==== Data for processing ====

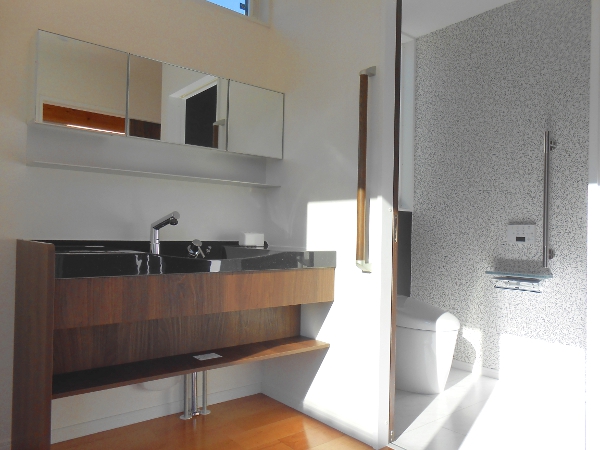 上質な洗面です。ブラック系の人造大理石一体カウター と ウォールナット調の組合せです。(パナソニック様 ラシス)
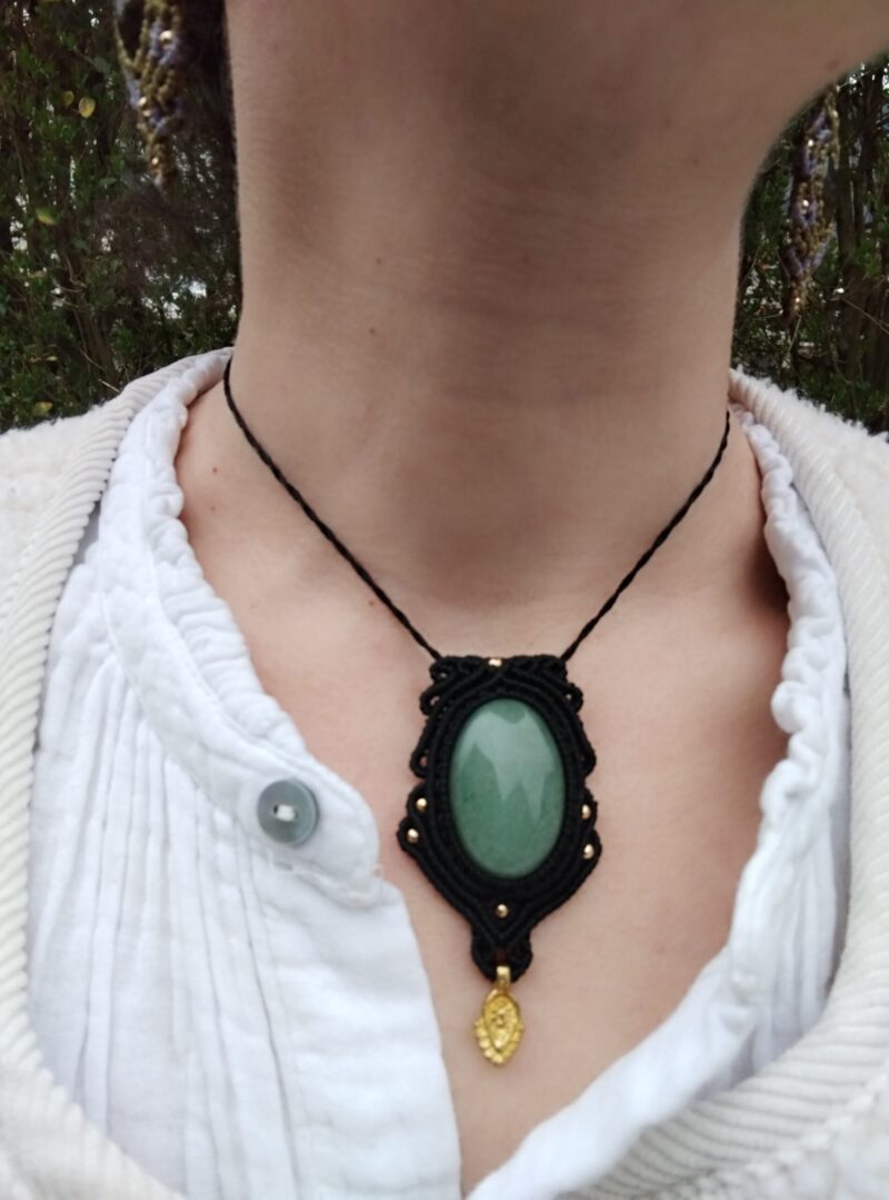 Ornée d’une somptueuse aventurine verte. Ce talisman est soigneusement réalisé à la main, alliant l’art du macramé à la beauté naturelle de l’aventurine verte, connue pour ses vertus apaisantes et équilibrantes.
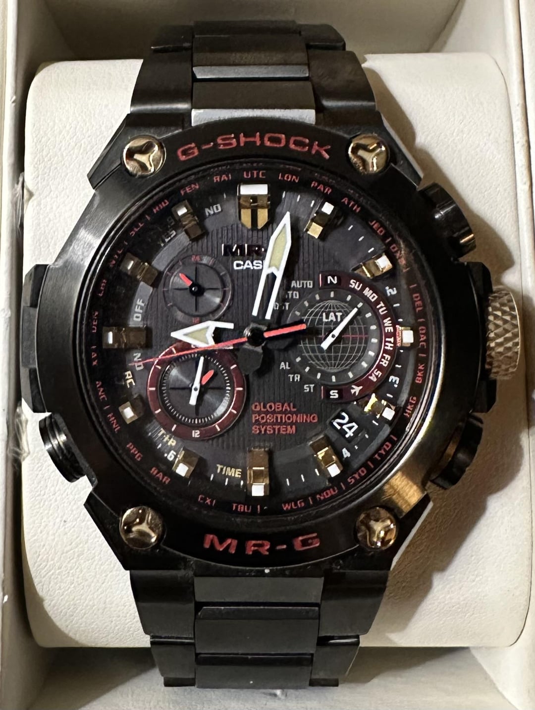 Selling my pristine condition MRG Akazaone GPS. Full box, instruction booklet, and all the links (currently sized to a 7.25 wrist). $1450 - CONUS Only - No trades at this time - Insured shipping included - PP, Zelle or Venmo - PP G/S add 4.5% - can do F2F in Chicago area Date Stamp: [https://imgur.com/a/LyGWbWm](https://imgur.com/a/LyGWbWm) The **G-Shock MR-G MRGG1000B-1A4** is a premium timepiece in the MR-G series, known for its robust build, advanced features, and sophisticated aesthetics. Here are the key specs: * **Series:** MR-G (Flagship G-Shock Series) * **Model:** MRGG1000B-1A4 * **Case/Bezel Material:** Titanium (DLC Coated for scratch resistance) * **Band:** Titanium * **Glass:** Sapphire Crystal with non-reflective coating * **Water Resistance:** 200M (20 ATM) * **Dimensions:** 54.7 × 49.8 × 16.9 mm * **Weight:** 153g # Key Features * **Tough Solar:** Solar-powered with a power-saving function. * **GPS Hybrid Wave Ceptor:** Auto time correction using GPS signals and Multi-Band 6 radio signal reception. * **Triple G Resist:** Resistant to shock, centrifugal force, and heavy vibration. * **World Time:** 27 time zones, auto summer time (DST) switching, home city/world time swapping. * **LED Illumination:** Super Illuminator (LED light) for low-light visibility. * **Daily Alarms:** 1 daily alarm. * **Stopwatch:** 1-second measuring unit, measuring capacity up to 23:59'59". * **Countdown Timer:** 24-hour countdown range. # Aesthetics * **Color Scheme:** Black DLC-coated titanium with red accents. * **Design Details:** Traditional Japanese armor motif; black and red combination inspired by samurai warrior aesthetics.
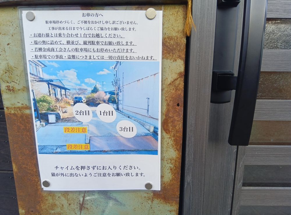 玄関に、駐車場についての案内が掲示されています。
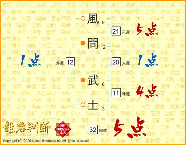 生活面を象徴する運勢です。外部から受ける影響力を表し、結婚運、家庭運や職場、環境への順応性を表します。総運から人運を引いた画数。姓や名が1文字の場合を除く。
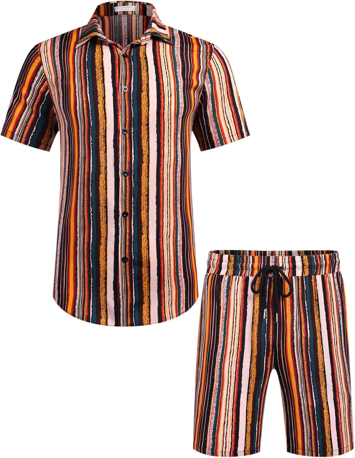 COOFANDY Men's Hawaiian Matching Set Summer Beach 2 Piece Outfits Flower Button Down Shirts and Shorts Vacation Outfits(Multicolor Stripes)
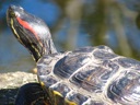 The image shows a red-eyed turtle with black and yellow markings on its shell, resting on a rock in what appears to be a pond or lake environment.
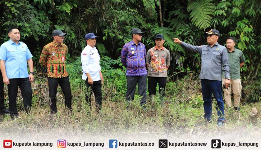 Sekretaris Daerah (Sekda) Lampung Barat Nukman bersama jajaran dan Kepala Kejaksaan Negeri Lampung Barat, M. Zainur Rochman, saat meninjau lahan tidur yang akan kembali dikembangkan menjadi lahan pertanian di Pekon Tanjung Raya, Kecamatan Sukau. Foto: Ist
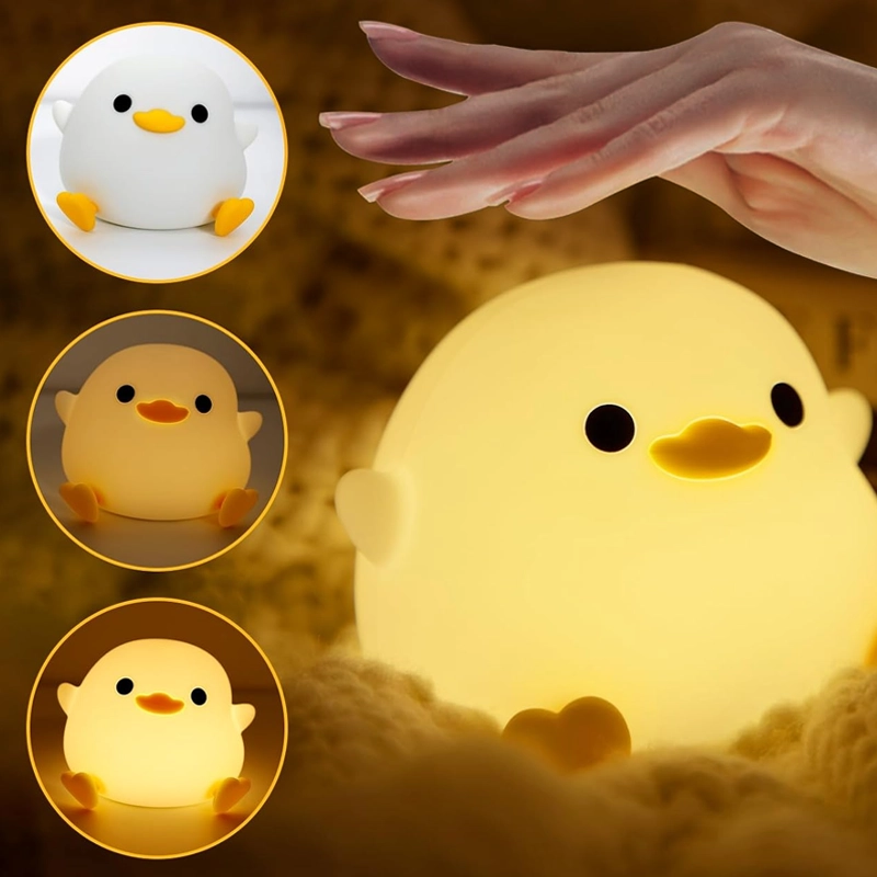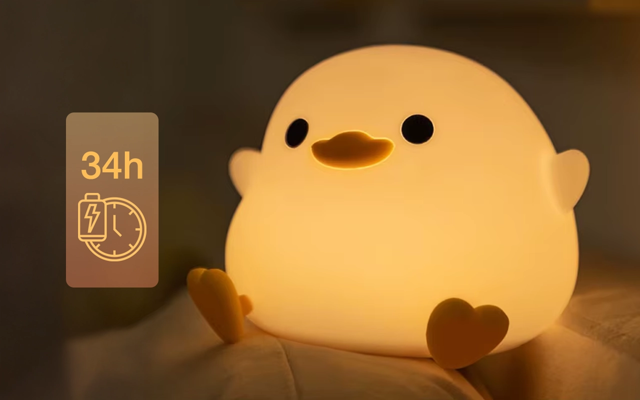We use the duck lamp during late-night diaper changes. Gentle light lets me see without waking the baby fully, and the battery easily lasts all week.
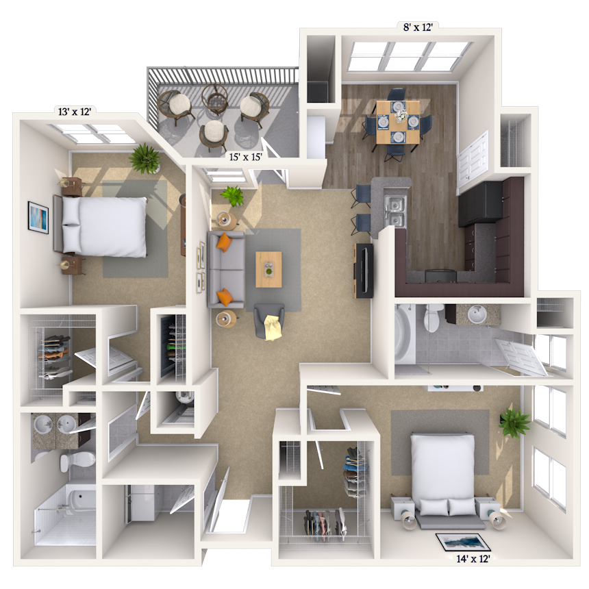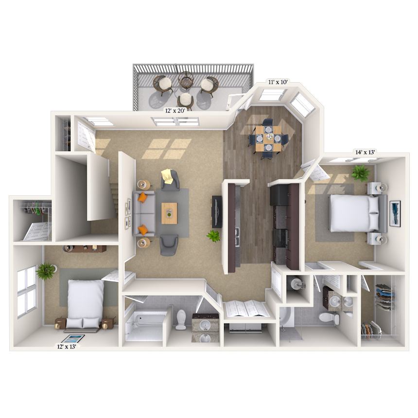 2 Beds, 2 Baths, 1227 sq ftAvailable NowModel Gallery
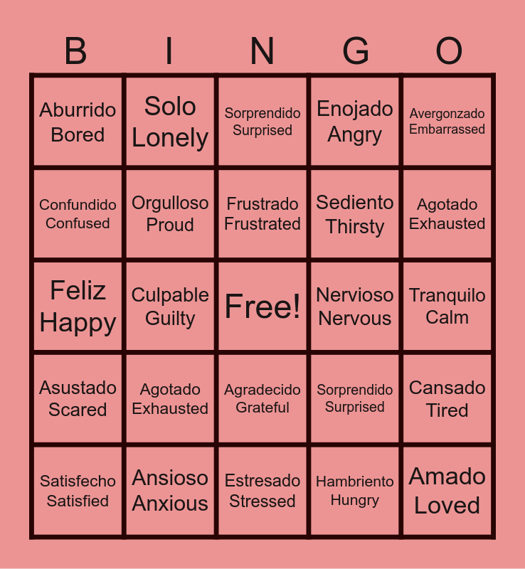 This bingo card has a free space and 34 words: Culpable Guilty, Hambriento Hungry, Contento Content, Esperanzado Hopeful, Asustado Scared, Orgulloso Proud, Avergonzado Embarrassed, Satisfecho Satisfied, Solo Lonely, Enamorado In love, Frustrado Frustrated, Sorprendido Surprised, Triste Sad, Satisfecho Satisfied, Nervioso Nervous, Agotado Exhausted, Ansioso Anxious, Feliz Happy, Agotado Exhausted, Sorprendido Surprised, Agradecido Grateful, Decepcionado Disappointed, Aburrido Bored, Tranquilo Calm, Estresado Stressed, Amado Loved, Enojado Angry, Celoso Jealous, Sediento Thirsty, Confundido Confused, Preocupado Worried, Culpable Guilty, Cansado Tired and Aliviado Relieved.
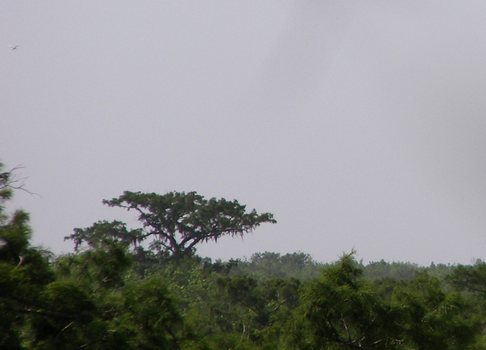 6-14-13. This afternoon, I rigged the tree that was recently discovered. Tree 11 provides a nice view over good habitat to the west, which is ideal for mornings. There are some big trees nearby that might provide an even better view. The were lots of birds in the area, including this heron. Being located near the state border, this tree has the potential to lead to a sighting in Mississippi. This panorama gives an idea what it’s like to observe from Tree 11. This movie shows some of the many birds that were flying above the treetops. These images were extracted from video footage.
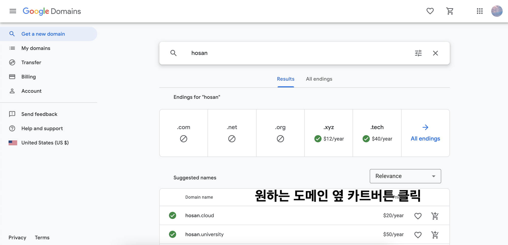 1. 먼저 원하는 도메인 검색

====

» **Problem to solve**
Above, find the line holding "玄関に、駐車場についての案内が掲示されています。" and the line holding "Sekretaris Daerah (Sekda)". Print exactly those two lines and every line between them, but no pictures.

» **Result**
 玄関に、駐車場についての案内が掲示されています。
 生活面を象徴する運勢です。外部から受ける影響力を表し、結婚運、家庭運や職場、環境への順応性を表します。総運から人運を引いた画数。姓や名が1文字の場合を除く。
 COOFANDY Men's Hawaiian Matching Set Summer Beach 2 Piece Outfits Flower Button Down Shirts and Shorts Vacation Outfits(Multicolor Stripes)
 The image shows a red-eyed turtle with black and yellow markings on its shell, resting on a rock in what appears to be a pond or lake environment.
 Sekretaris Daerah (Sekda) Lampung Barat Nukman bersama jajaran dan Kepala Kejaksaan Negeri Lampung Barat, M. Zainur Rochman, saat meninjau lahan tidur yang akan kembali dikembangkan menjadi lahan pertanian di Pekon Tanjung Raya, Kecamatan Sukau. Foto: Ist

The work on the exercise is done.